Ausgeschlossen

U-Bahn-Schläger von Schule suspendiert

Der Gymnasiast, der am Bahnhof Friedrichstraße einen Mann brutal attackiert hat, ist vom Unterricht ausgeschlossen worden. Die Ermittlungen sollen diese Woche abgeschlossen werden. Möglichweise wird er dann wegen versuchtem Mords angeklagt.

Foto: dapd / dapd/DAPD

Nach dem brutalem Übergriff auf einen Mann am Berliner Bahnhof Friedrichstraße ist der 18-jährige mutmaßliche Täter vom Unterricht an seiner Schule ausgeschlossen worden. Der Gymnasiast sei am Montag zunächst für zehn Tage suspendiert worden, sagte eine Sprecherin der Berliner Bildungsverwaltung am Dienstag.

Gegen den 18-Jährigen, dessen brutale Attacke in der Nacht zum Ostersamstag von Überwachungskameras dokumentiert und von der Polizei im Internet veröffentlicht wurde, war nach der Tat Haftbefehl ergangen. Er kam aber unter Auflagen auf freien Fuß.

Das Ermittlungsverfahren zur Anklageerhebung soll „noch diese Woche“ abgeschlossen sein, sagte der Sprecher der Staatsanwaltschaft Martin Steltner. Ermittelt werde wegen eines „vorsätzlichen Tötungsdelikts“, wobei noch offen sei, ob die Anklage auf versuchten Totschlag oder Mord lauten wird.

Der 18-Jährige soll Medienberichten zufolge aus einem guten Elternhaus stammen.

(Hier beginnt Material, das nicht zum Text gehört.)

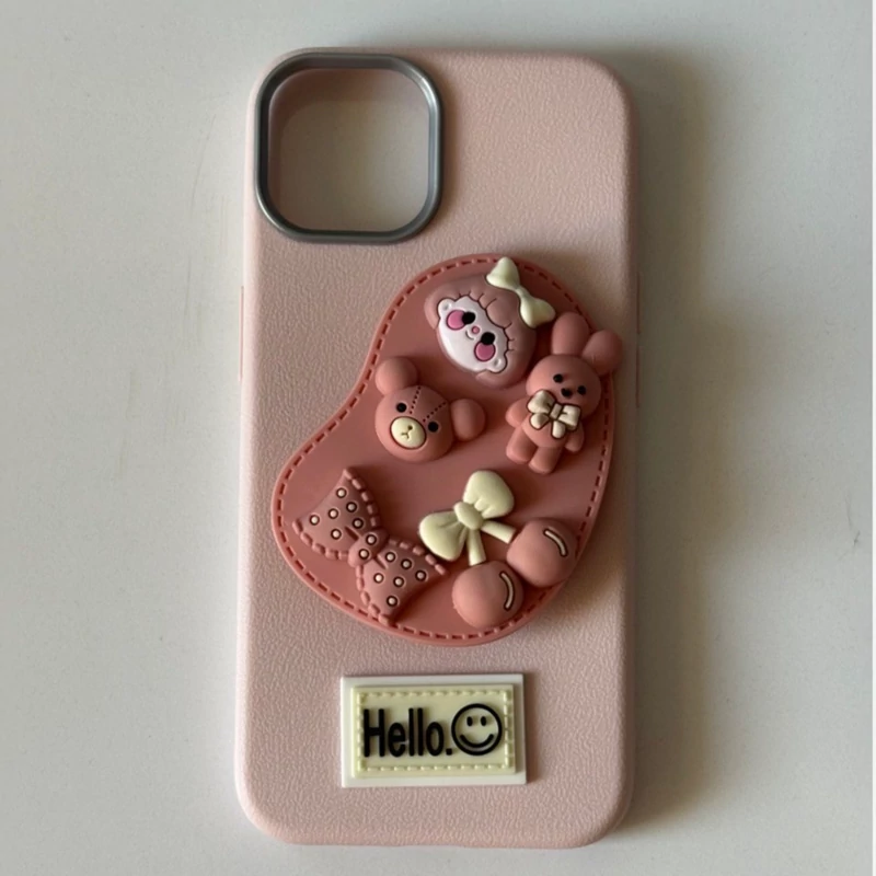 قاب گوشی ایفون iphone 13 چرمی سه بعدی برجسته عروسکی Hello mode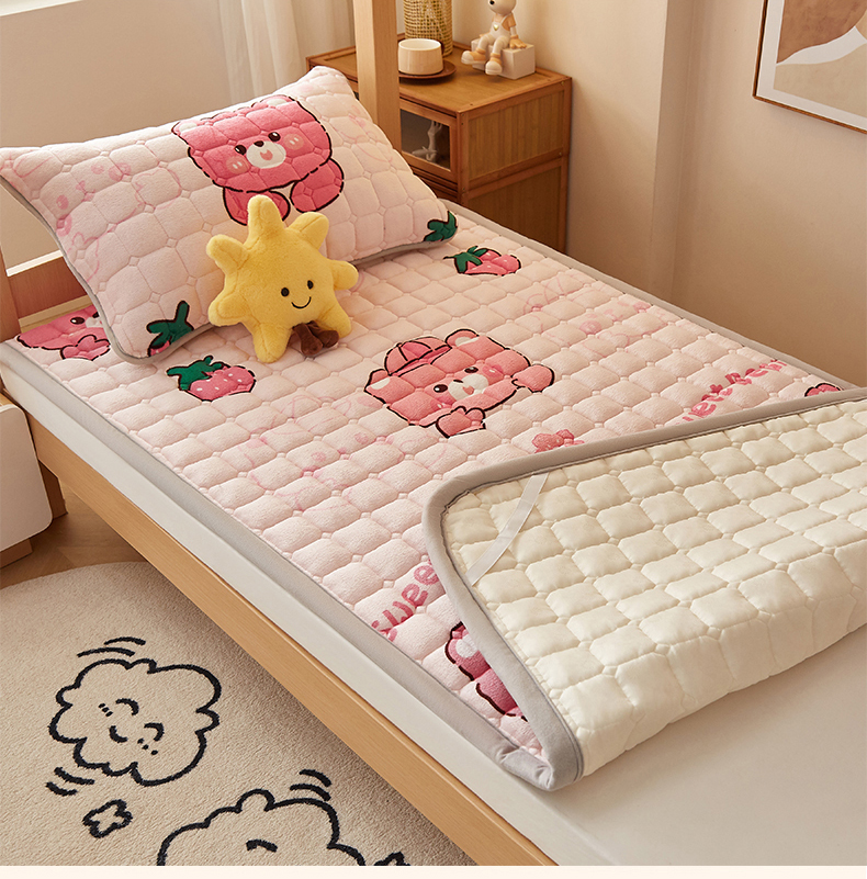 奇丝雅 2025新款A类牛奶绒床褥床垫家用学生宿舍上下铺寝室软垫床护垫夹棉褥子-学生床单件 草莓熊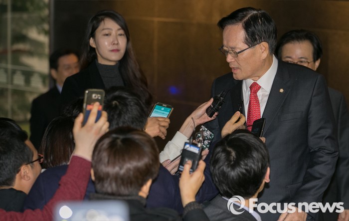 (서울=포커스뉴스) 새누리당이 단독으로 직권상정 완화 국회법 개정 시도에 착수한 19일 오전 정의화 국회의장이 서울 여의도 국회로 출근하며 취재진 질문을 받고 있다.
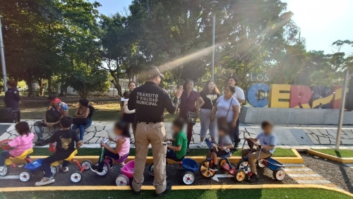 Por otra parte el director de Tránsito y Vialidad Municipal, Luis Eduardo Terán Saucedo, precisó que las acciones se desarrollaron en el circuito vial del Deportivo Los Cerritos, donde niñas y niños, acompañados de sus padres, participaron en un recorrido guiado utilizando triciclos, durante el cual se les explicó el significado de los señalamientos viales y la forma correcta de utilizarlos.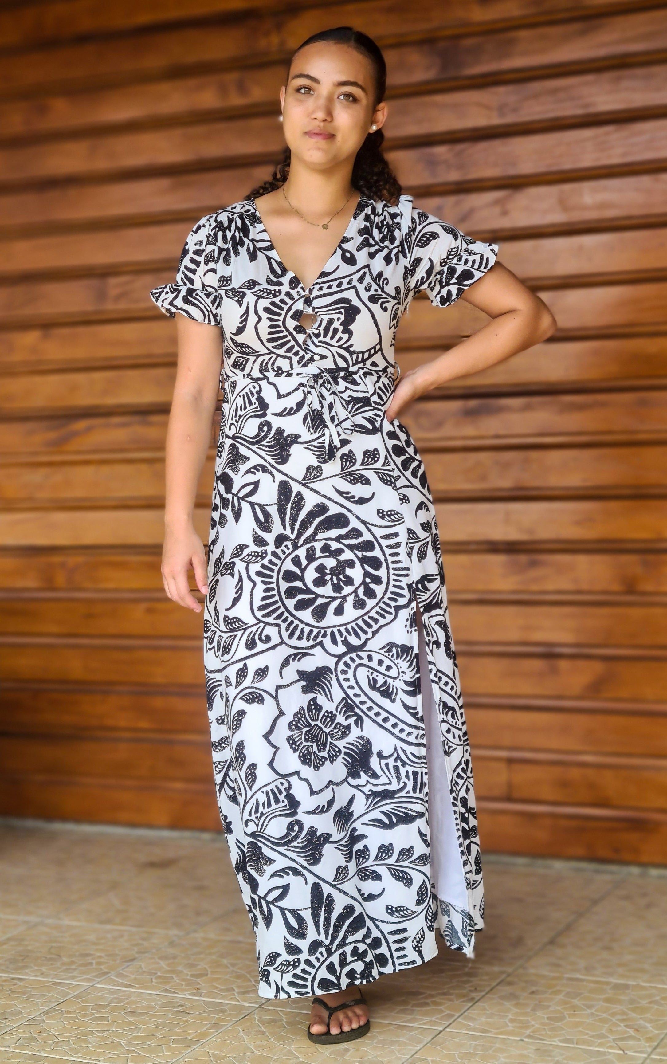 Robe longue à manches courtes, avec une fente (sur le côté gauche) et un col en V.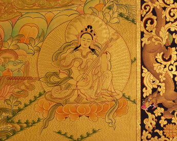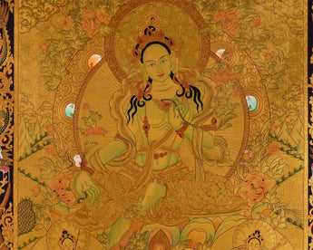 Gold Green Tara Thangka | Religious Buddhist Painting | Wall Decors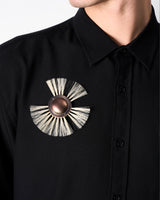 The Kugelscrubber Brooch is a large, striking statement piece that utilises the ancient craft of brush binding to create a graphic brooch, which is both simple and striking at once. The fibres are bound into a decorative, American walnut timber blank and protected by a domed, oxidised copper plate and a sterling silver back plate with a brooch fastening attached.
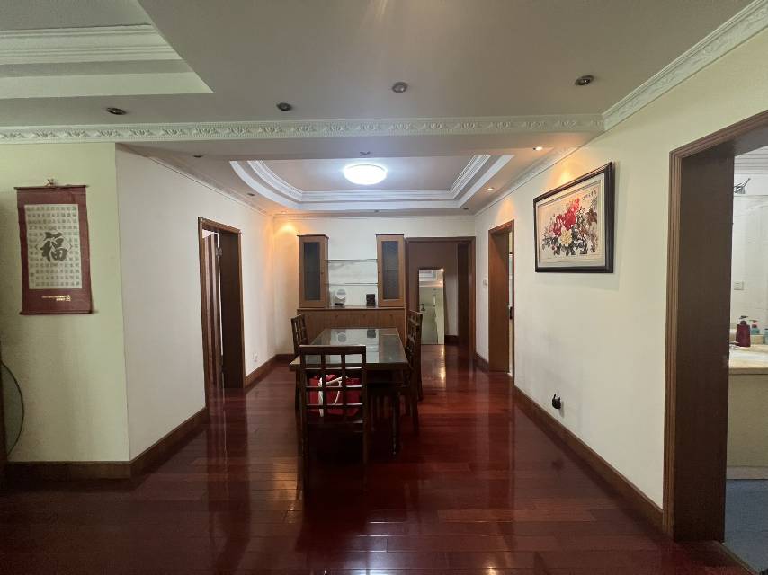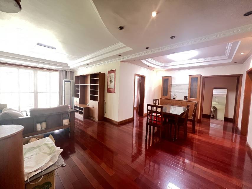 This bright three-bedroom, two-bath apartment in Zhongshan Gongyu balances practical design with a warm, lived-in character that resonates with expat families and professionals. The living area opens to a sun-catching balcony, ideal for morning coffee or evening breezes, while the dark wood floors lend a grounded, classic ambiance that pairs well with both contemporary and traditional furnishings.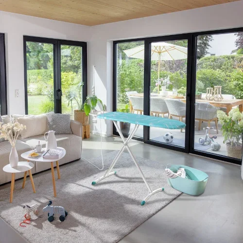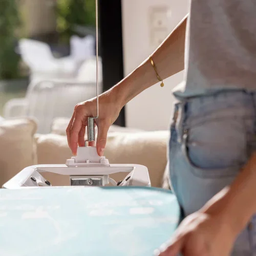 - Rangement facile de la table à repasser grâce à la sécurité transport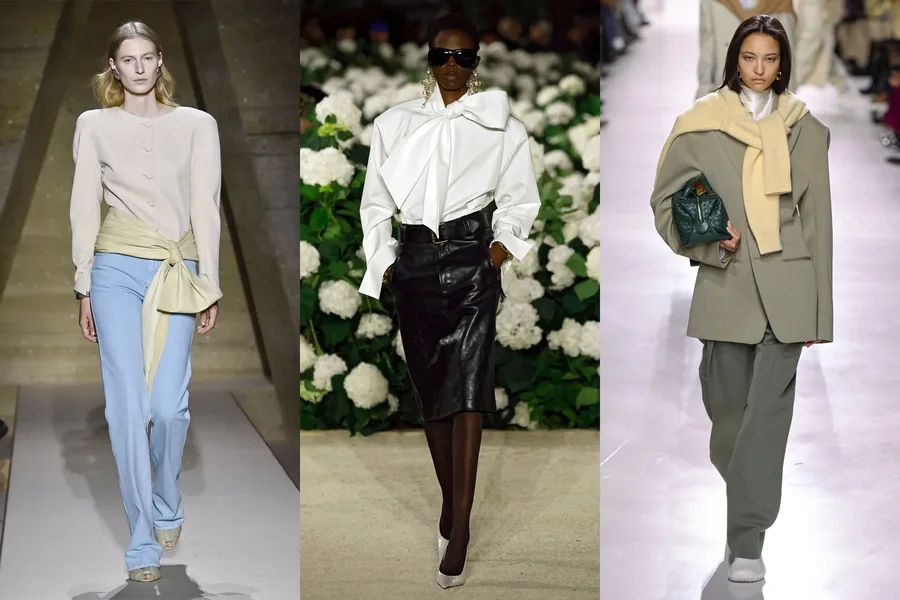Плечи с акцентом, костюмы с характером, строгие линии - деловой шик возвращается. Но теперь он сочетается с более расслабленной подачей и современными тканями.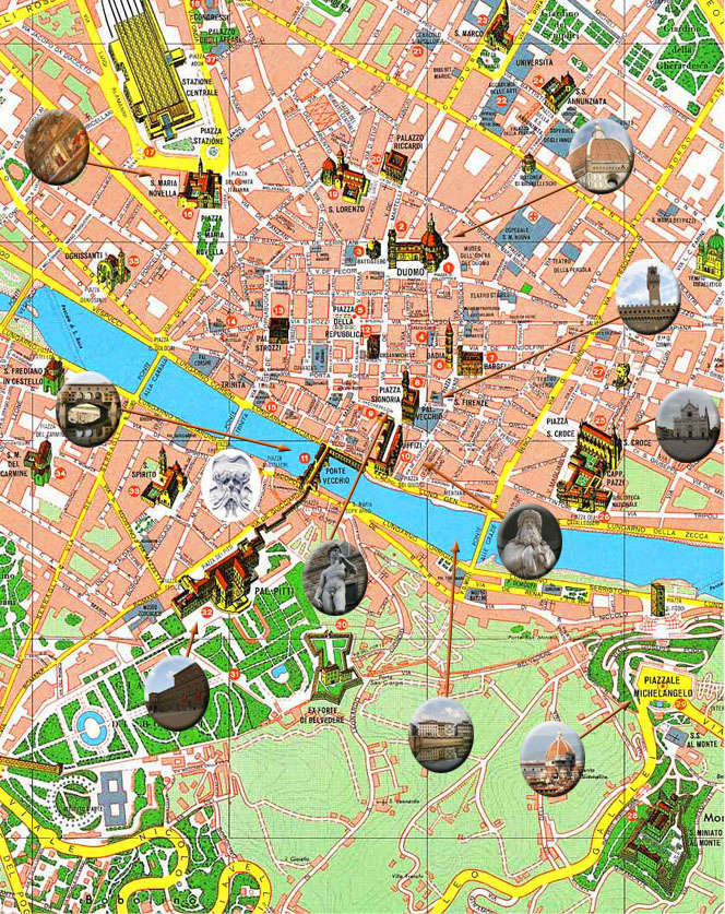 Tutte le principali attrazioni artistiche e culturali sono visitabili con una semplice passeggiata: oltre alla Piazza, al Palazzo Vecchio e al Ponte Vecchio, sono comodamente raggiungibili la Galleria degli Uffizi a 50mt, il Duomo con il Campanile di Giotto a 200 mt, le Cappelle Medicee in San Lorenzo, il Museo del Bargello, la bellissima Basilica di Santa Croce a 500 mt, la Galleria dell’Accademia a 500 mt nonché Palazzo Pitti, la Chiesa di Santo Spirito e il Giardino di Boboli appena al di là dell’Arno.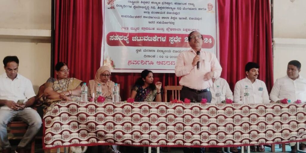 ನಗರದ ಮರಾಠಾ ವಿಧ್ಯಾಲಯದಲ್ಲಿ ಶನಿವಾರ ನಡೆದ ರಾಷ್ಟ್ರೀಯ ಶಿಕ್ಷಕರ ಕಲ್ಯಾಣ ಪ್ರತಿಷ್ಠಾನ, ಕರ್ನಾಟಕ ರಾಜ್ಯ ವಿಧ್ಯಾರ್ಥಿಗಳ ಕ್ಷೇಮಾಭಿವೃದ್ಧಿ ನಿಧಿ, ಶಿಕ್ಷಕರ ಕಲ್ಯಾಣ ನಿಧಿ ಬೆಂಗಳೂರ, ಜಿಲ್ಲಾ ಪಂಚಾಯತಿ ವಿಜಯಪುರ, ಉಪನಿರ್ದೇಶಕರ ಕಾರ್ಯಾಲಯ ಶಾಲಾ ಶಿಕ್ಷಣ ಮತ್ತು ಸಾಕ್ಷರತಾ ಇಲಾಖೆ ಇವರ ಸಹಯೋಗದಲ್ಲಿ ಜಿಲ್ಲಾ ಮಟ್ಟದ ಪ್ರಾಥಮಿಕ ಹಾಗೂ ಪ್ರೌಢ ಶಿಕ್ಷಕರಿಗಾಗಿ ನಡೆದ ಜಿಲ್ಲಾ ಮಟ್ಟದ 2023-24ನೇ ಸಾಲಿನ ಸಹಪಠ್ಯ ಚಟುವಟಿಕೆ ಸ್ಪರ್ಧೆಯ ಕಾರ್ಯಕ್ರಮ ಉದ್ಘಾಟಿಸಿ ಅವರು ಮಾತನಾಡಿದರು.

Gegenüber den Ermittlern habe er als Grund für seine Tat angegeben, betrunken und in „aggressiver Stimmung“ gewesen zu sein.

Der Überfall hatte eine öffentliche Debatte über die Sicherheit an Berliner Bahnhöfen und die Einführung eines „Warnschuss-Arrests“ ausgelöst, der jugendlichen Straftätern die Folgen für begangenes Unrecht verdeutlichen soll.